• Directions:
Omit the pictures while printing every entry below exactly as given.

Records from a data source
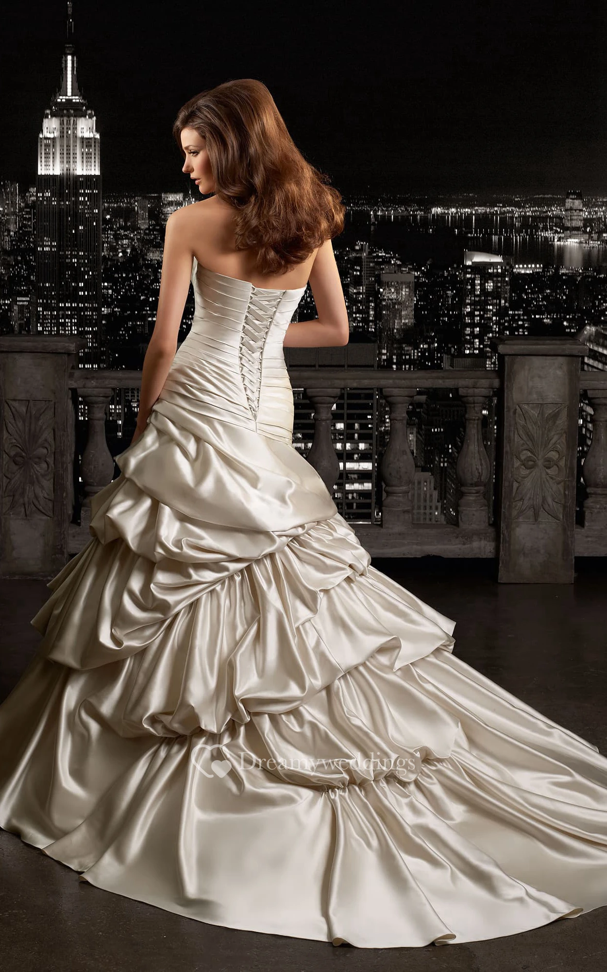 Trumpet Floor-Length Strapless Sleeveless Corset-Back Satin Dress With Pick Up And Beading
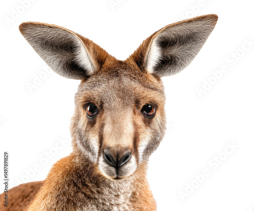 © Khmel, Fototapeta premium Kangaroo portrait showcasing facial features and expression on a transparent background, cut out
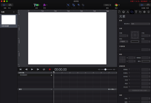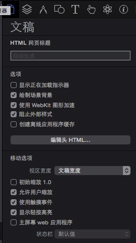 Hype 3 的默認界面采用專業(yè)黑色設計,分為5個主要區(qū)域,包括頂部的工具條,左側的場景切換,中間的內(nèi)容區(qū)和動畫控制區(qū)。最右側是對元素、符號以及頁面屬性的一些控制。Hype 3 的整體界面操作有些類似 Xcode,不過有了更簡化的操作流程,用戶只需要在空白區(qū)域錄入內(nèi)容,然后選擇內(nèi)容的動畫變化即可。
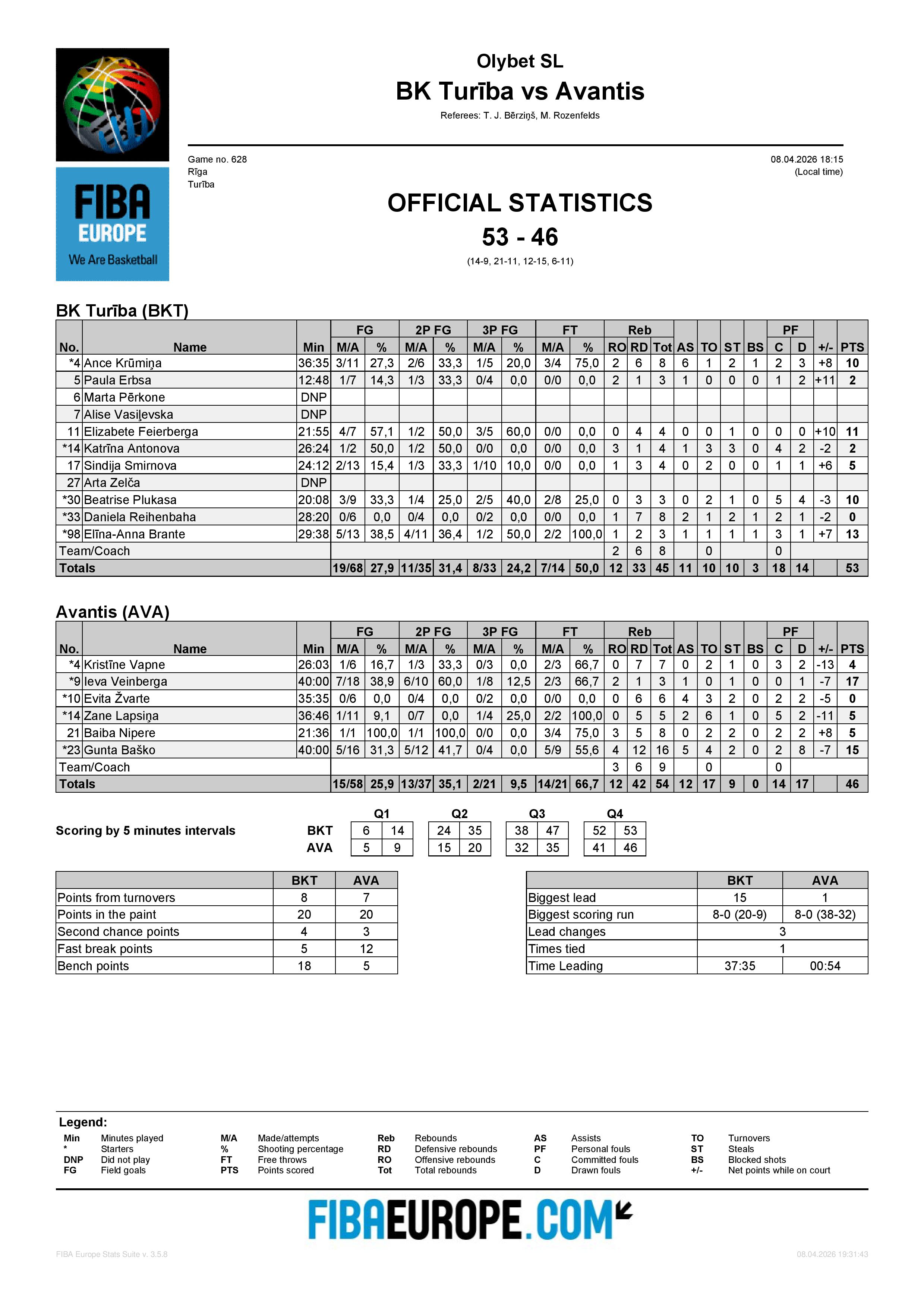 Komanda 3341 BK LVBET SCORES 84
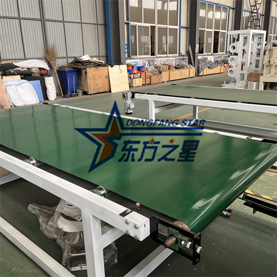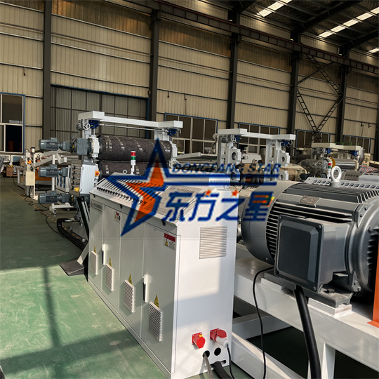 Weich-PVC-Blatt-Extruder-Maschine. Die Schildkrötenmustermaschine wird auch als PVC-Viehbrettausrüstung bezeichnet. Es wird hauptsächlich zur Bodenverlegung von Schweine-, Rinder- und Schafställen verwendet. Es spielt eine Rolle bei der Wärmeerhaltung und ist vorteilhaft für die Tierproduktion. Die Ausrüstung für PVC-Schildkrötenplatten besteht aus: Extruder, Plattenform, Dreiwalzenkalander, Kühlhalterung, Zugmaschine, Schneidemaschine, Förderhalterung, Stundenleistung 350–400 kg/h, Spezifikationen für PVC-Schildkrötenplatten: Breite 1000 mm, Dicke 6 mm. Die Breite und Dicke des Produkts sind einstellbar und die Ausrüstung kann nach Kundenwunsch bestellt werden. Mit der PVC-Schildpatt-Ausrüstung können durch Austausch der Mittelwalze auch Produkte mit Orangenschale und Rautenmuster hergestellt werden.
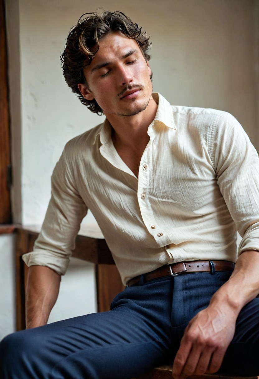 Hyper-realistic photograph, young man, short-length wavy dark hair, handsome, chiseled attractive face with sharp features, slight mustache, light to medium skin tone, relaxed expression, muscular, lean, eyes partially closed, faint smile, contemplative mood, seated, one knee up, right arm on knee, left arm relaxed, light wrinkled button-up shirt, off-white shirt, top buttons undone, chest slightly revealed, dark blue trousers, casual yet formal, slightly low camera angle, soft natural lighting, ambient glow, blurred indoor background, neutral colors, warm vintage feel, soft focus, wrinkled fabric texture, neat facial hair, serene and reflective atmosphere.

• Written response:
 Trumpet Floor-Length Strapless Sleeveless Corset-Back Satin Dress With Pick Up And Beading
 © Khmel, Fototapeta premium Kangaroo portrait showcasing facial features and expression on a transparent background, cut out
 Hype 3 的默認界面采用專業(yè)黑色設計,分為5個主要區(qū)域,包括頂部的工具條,左側的場景切換,中間的內(nèi)容區(qū)和動畫控制區(qū)。最右側是對元素、符號以及頁面屬性的一些控制。Hype 3 的整體界面操作有些類似 Xcode,不過有了更簡化的操作流程,用戶只需要在空白區(qū)域錄入內(nèi)容,然后選擇內(nèi)容的動畫變化即可。
 Komanda 3341 BK LVBET SCORES 84
 Weich-PVC-Blatt-Extruder-Maschine. Die Schildkrötenmustermaschine wird auch als PVC-Viehbrettausrüstung bezeichnet. Es wird hauptsächlich zur Bodenverlegung von Schweine-, Rinder- und Schafställen verwendet. Es spielt eine Rolle bei der Wärmeerhaltung und ist vorteilhaft für die Tierproduktion. Die Ausrüstung für PVC-Schildkrötenplatten besteht aus: Extruder, Plattenform, Dreiwalzenkalander, Kühlhalterung, Zugmaschine, Schneidemaschine, Förderhalterung, Stundenleistung 350–400 kg/h, Spezifikationen für PVC-Schildkrötenplatten: Breite 1000 mm, Dicke 6 mm. Die Breite und Dicke des Produkts sind einstellbar und die Ausrüstung kann nach Kundenwunsch bestellt werden. Mit der PVC-Schildpatt-Ausrüstung können durch Austausch der Mittelwalze auch Produkte mit Orangenschale und Rautenmuster hergestellt werden.
 Hyper-realistic photograph, young man, short-length wavy dark hair, handsome, chiseled attractive face with sharp features, slight mustache, light to medium skin tone, relaxed expression, muscular, lean, eyes partially closed, faint smile, contemplative mood, seated, one knee up, right arm on knee, left arm relaxed, light wrinkled button-up shirt, off-white shirt, top buttons undone, chest slightly revealed, dark blue trousers, casual yet formal, slightly low camera angle, soft natural lighting, ambient glow, blurred indoor background, neutral colors, warm vintage feel, soft focus, wrinkled fabric texture, neat facial hair, serene and reflective atmosphere.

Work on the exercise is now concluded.